Пришли теплые молдавские ветры, подступило огромное желтое однообразие, сладостное бесплодное веянье с юга. Осень не хотела кончаться. Словно мыльные пузыри вставали дни, всё прекрасней и эфирней, и каждый казался столь бесконечно утонченным, что всякий миг существования был чудом, продолжившимся через меру и почти болезненным.

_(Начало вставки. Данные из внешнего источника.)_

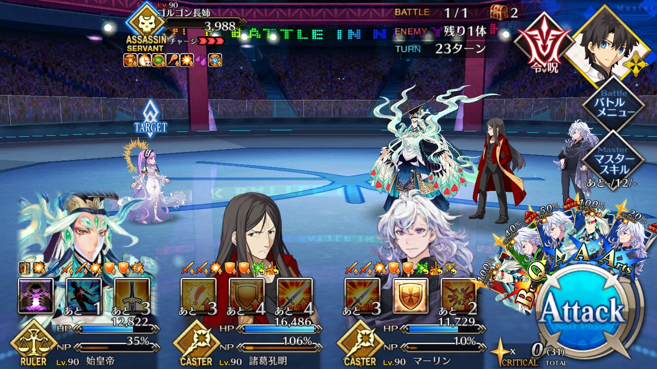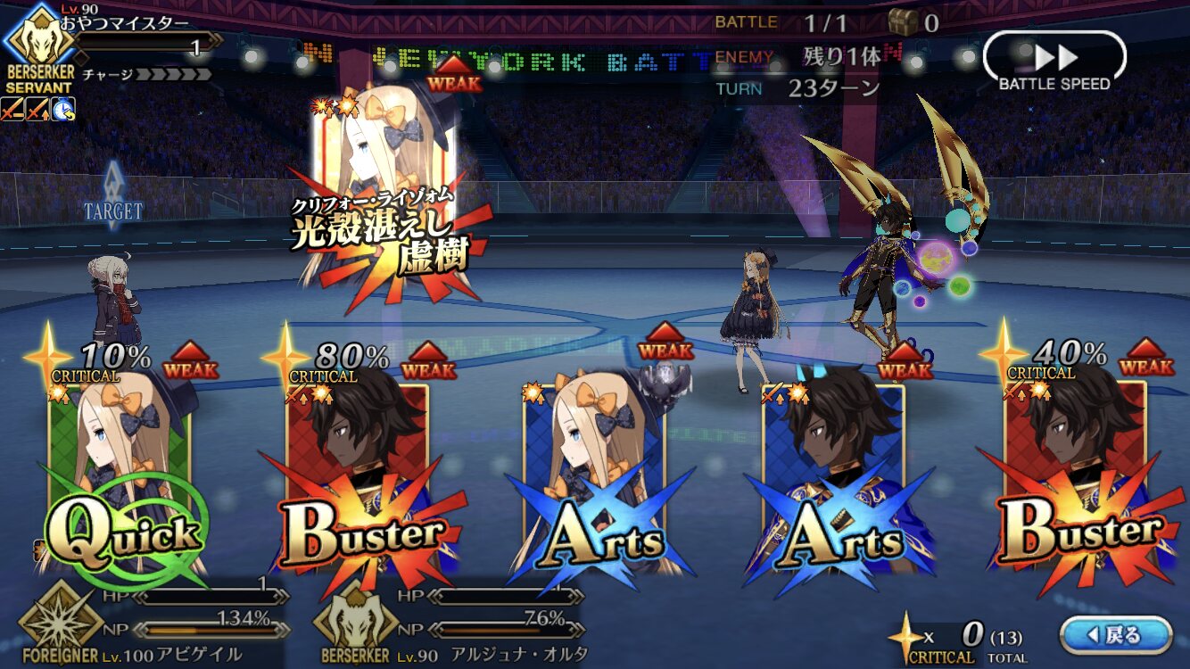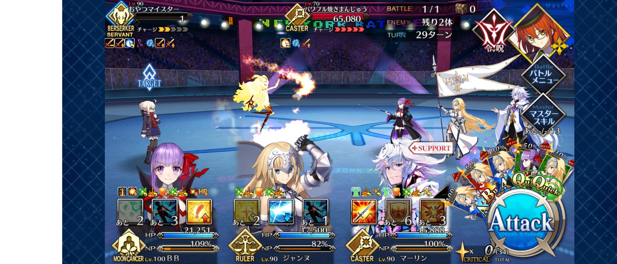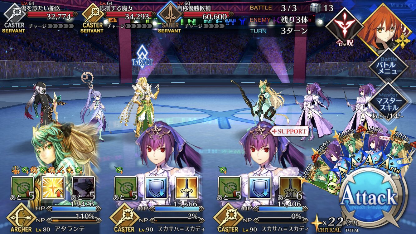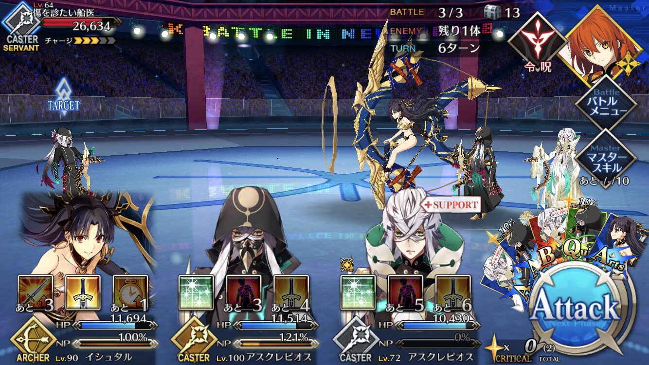 中盤=黒ごま撃破後はタイムリミットが始まるので攻撃力は必要ない。上手くHP1のアタッカーを落とさせ、サポーター3人になれば後はAを選んで宝具を回そう。エンジンがかかれば毎ターン誰かしらの宝具が撃てるはず。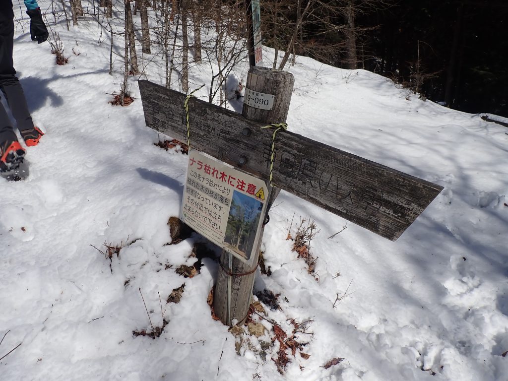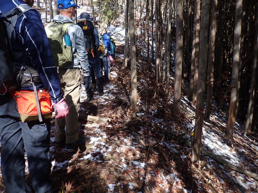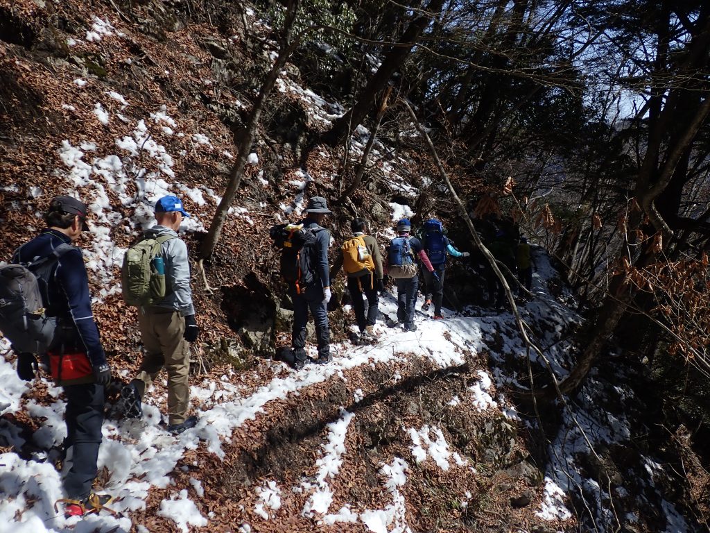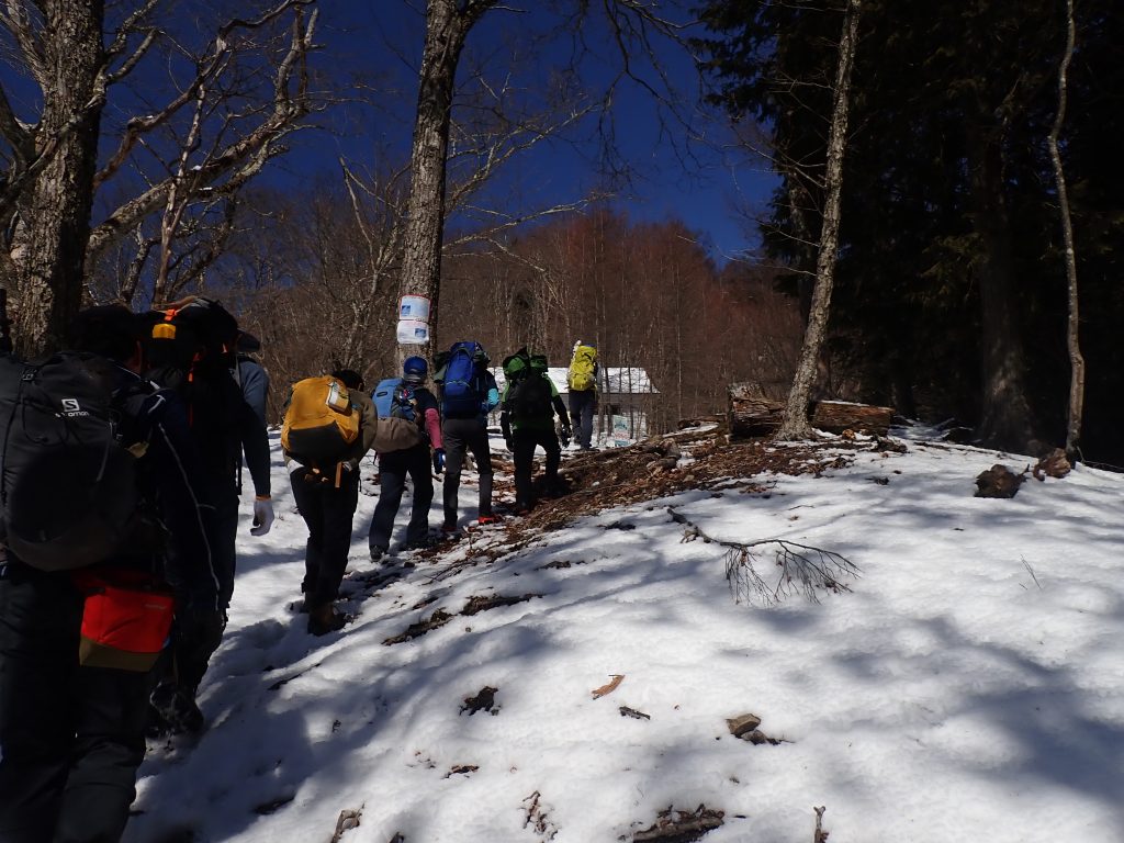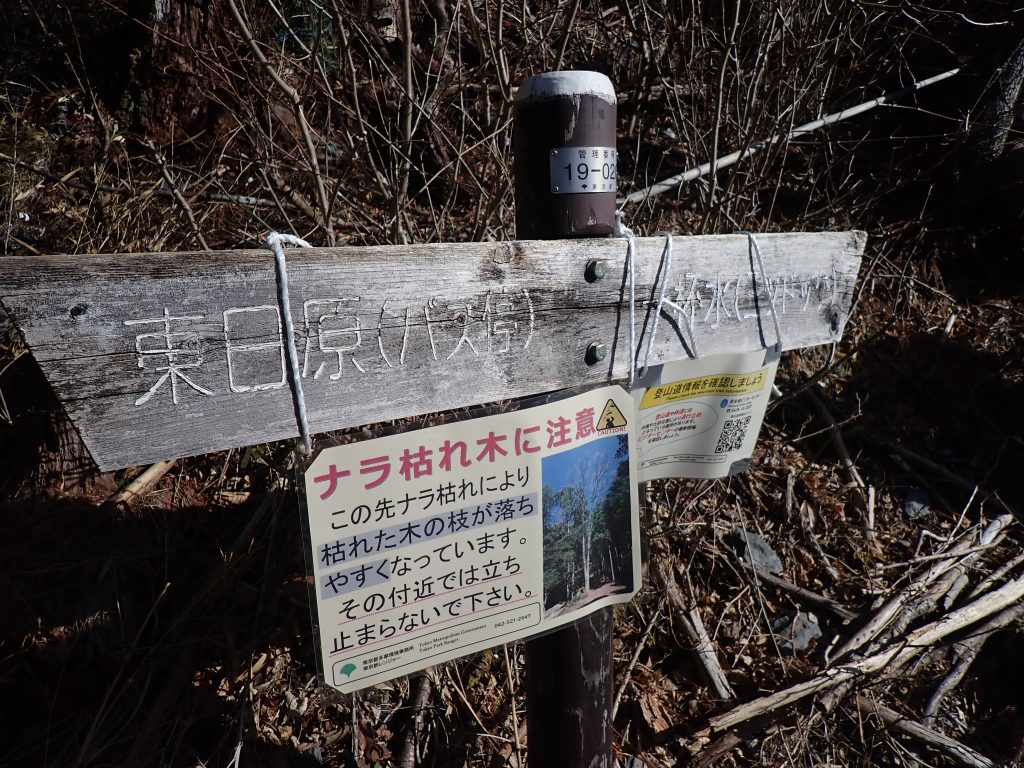 三ツドッケ(天目山)まで行く予定でしたが、雪道であることや落枝の処理で時間がかかり、東日原のバス時間が微妙になってしまったので、今回は避難小屋までとし下山することにしました。

В тишине этих дней, глубоких и прекрасных, незаметно менялось вещество листвы, так что в какой-то из них деревья явились в соломенном огне совершенно дематериализовавшихся листьев, в красе, легкой, как выцвет половы, как налет цветных конфетти — великолепными павлинами и фениксами, которым стоит встряхнуться и плеснуть крылом, чтобы уронить безупречное, легче папиросной бумаги, отлинявшее и больше не нужное перо.
МЕРТВЫЙ СЕЗОН
В пять часов утра — утра, сияющего в раннем солнце, дом наш давно купался в беззаветной и тихой ранней яркости. Никем в торжественный этот час не подглядываемый, он исподволь и целиком входил — покуда в полумраке зашторенных комнат еще длилось согласное дыхание спящих — в тишину раннего зноя, в пылавший на солнце фасад, словно бы слепленный по всей поверхности из сладко смеженных век. Пользуясь безмолвием торжественных этих часов, поглощал он изначальный огнь ранней рани сомлевающим в ослепительности сладко уснувшим лицом, всеми черточками, вздрагивавшими во сне от грез напряженной поры. Тень акации у дома, ярко колеблемая на жарких этих веках, снова и снова, словно на фортепиано, повторяла на их поверхности одинаковую выполаскиваемую дуновениями блистающую свою фразу, тщетно желая вникнуть в суть золотого сна. Полотняные шторы порциями глотали утренний пожар и смугло загорали, обмирая в бескрайнем сверкании.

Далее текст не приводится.